I'm trying to create edges between vertices based on matching the value of a property in each vertex, making what is currently an implied relationship into an explicit relationship. I've been unsuccessful in writing a gremlin traversal that will match up related vertices.
Specifically, given the following graph:
g = TinkerGraph.open().traversal()
g.addV('person').property('name','alice')
g.addV('person').property('name','bob').property('spouse','carol')
g.addV('person').property('name','carol')
g.addV('person').property('name','dave').property('spouse', 'alice')
I was hoping I could create a spouse_of relation using the following
> g.V().has('spouse').as('x')
.V().has('name', select('x').by('spouse'))
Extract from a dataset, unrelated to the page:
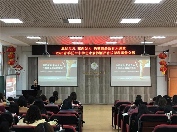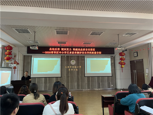 2021年4月27日上午,在成都市实验小学青华分校(以下简称:实小青华)学术报告厅举行了主题为《总结反思靶向发力构建高品质音乐课堂——2020青羊区中小学艺术素养测评音乐学科质量分析》的青羊区音乐学科教研活动。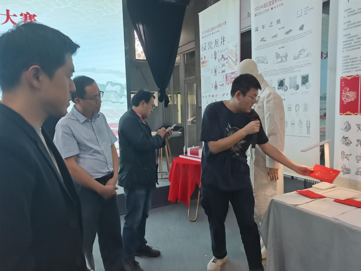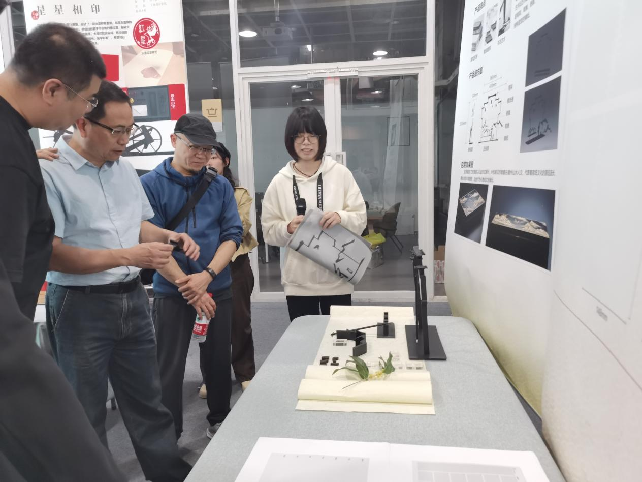 此次活動(dòng)展示了以“紅星宣紙”為元素創(chuàng)作的文創(chuàng)作品共計(jì)19件。評(píng)審現(xiàn)場(chǎng)開曉陸和中國(guó)美院學(xué)工部部長(zhǎng)韓亮等指導(dǎo)老師對(duì)學(xué)生作品逐一觀看、點(diǎn)評(píng),最終評(píng)審出:一等獎(jiǎng)兩項(xiàng)、二等獎(jiǎng)五項(xiàng)、三等獎(jiǎng)八項(xiàng)。開書記向同學(xué)們表示祝賀,并為每組參賽同學(xué)頒發(fā)“紅星牌”宣紙作為獎(jiǎng)勵(lì),希望大家能用紅星宣紙創(chuàng)作出更多更好的作品。本次參賽作品將于宣紙藝術(shù)節(jié)期間在中國(guó)宣紙文化園進(jìn)行展覽,屆時(shí)歡迎大家前來觀展。

.addE('spouse_of').from('x')
but instead of creating one edge from bob to carol and another edge from dave to alice, bob and dave each end up with spouse_of edges to all of the vertices (including themselves):
> g.V().out('spouse_of').path().by('name')
==>[bob,alice]
==>[bob,bob]
==>[bob,carol]
==>[bob,dave]
==>[dave,carol]
==>[dave,dave]
==>[dave,alice]
==>[dave,bob]
It almost seems as if the has filter isn't being applied, or, to use RDBMS terms, as if I'm ending up with an "outer join" instead of the "inner join" I'd intended.
Any suggestions? Am I overlooking something trivial or profound (local vs global scope, perhaps)? Is there any way of accomplishing this in a single traversal query, or do I have to iterate through g.has('spouse') and create edges individually?